Chapter 7: Container Monitoring and Logging
9/1/25About 6 min
Chapter 7: Container Monitoring and Logging
Learning Objectives
- Master methods and tools for container performance monitoring
- Learn to collect and analyze container logs
- Understand the container health check mechanism
- Become proficient in using monitoring tools for troubleshooting
Knowledge Points
The Importance of Monitoring
Container monitoring is a key part of ensuring application stability.

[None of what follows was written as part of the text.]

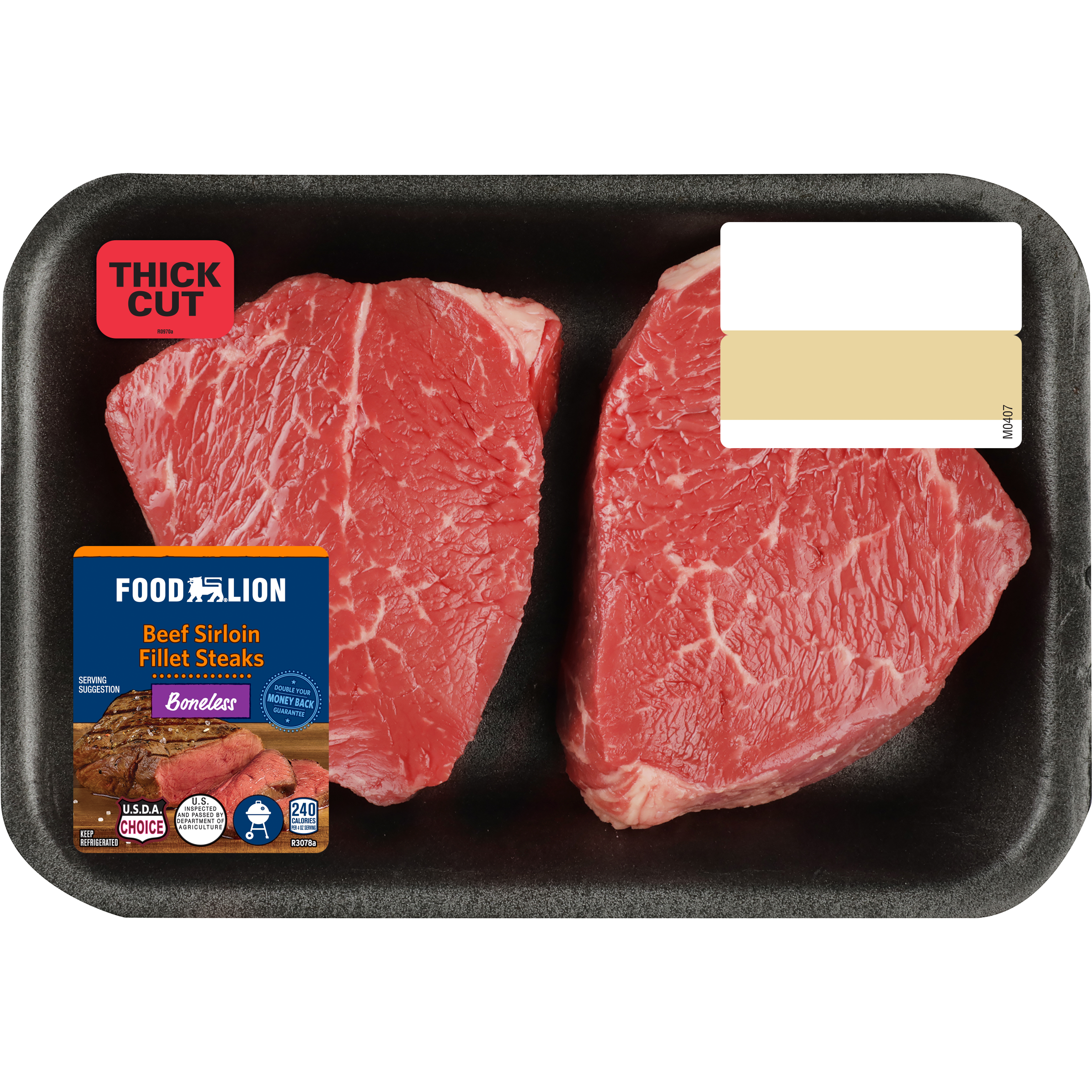| Retail eCommerce Marketing Message | There's nothing like cooking from scratch, especially when you start with Food Lion Sirloin Filet Steaks Thick Cut Boneless Beef. Made with premium quality USDA Choice Angus beef, our steak is a savory cut with natural tenderness and exceptional taste. Essential minerals are naturally found in beef and are a flavorful way to give your body nutrients to help power through the day. Great for grilling, our beef is a delicious addition to your favorite recipes. Simply marinate in balsamic vinaigrette for 2 to 6 hours, season with black pepper, grill and serve with steamed potatoes and broccoli. For medium rare beef, the internal temperature should read 145°F, and the temperature for medium beef should read 160°F. Includes one package. |

An effective monitoring system should include:
Monitoring Dimension | Monitoring Metrics | Tool Examples |
---|---|---|
Resource Usage | CPU, Memory, Disk, Network | docker stats, cAdvisor |
Application Performance | Response Time, Throughput, Error Rate | APM tools, custom metrics |
Log Analysis | Application logs, system logs, error logs | ELK Stack, Fluentd |
Health Status | Service availability, dependency checks | Health Check, Probe |
Monitoring Architecture Patterns
Container Monitoring Architecture:
┌─────────────┐ ┌─────────────┐ ┌─────────────┐
│ App Container │ │ App Container │ │ App Container │
└─────────────┘ └─────────────┘ └─────────────┘
│ │ │
└───────────────────┼───────────────────┘
│
┌─────────────┐
│ Monitoring Agent │ (cAdvisor, Node Exporter)
└─────────────┘
│
┌─────────────┐
│ Monitoring System │ (Prometheus, Grafana)
└─────────────┘
│
┌─────────────┐
│ Alerting System │ (AlertManager, PagerDuty)
└─────────────┘
Docker Built-in Monitoring
docker stats
Command
# Real-time monitoring of all containers
docker stats
# Monitor specific containers
docker stats web-server api-server
# Formatted output
docker stats --format "table {{.Name}}\t{{.CPUPerc}}\t{{.MemUsage}}\t{{.NetIO}}\t{{.BlockIO}}"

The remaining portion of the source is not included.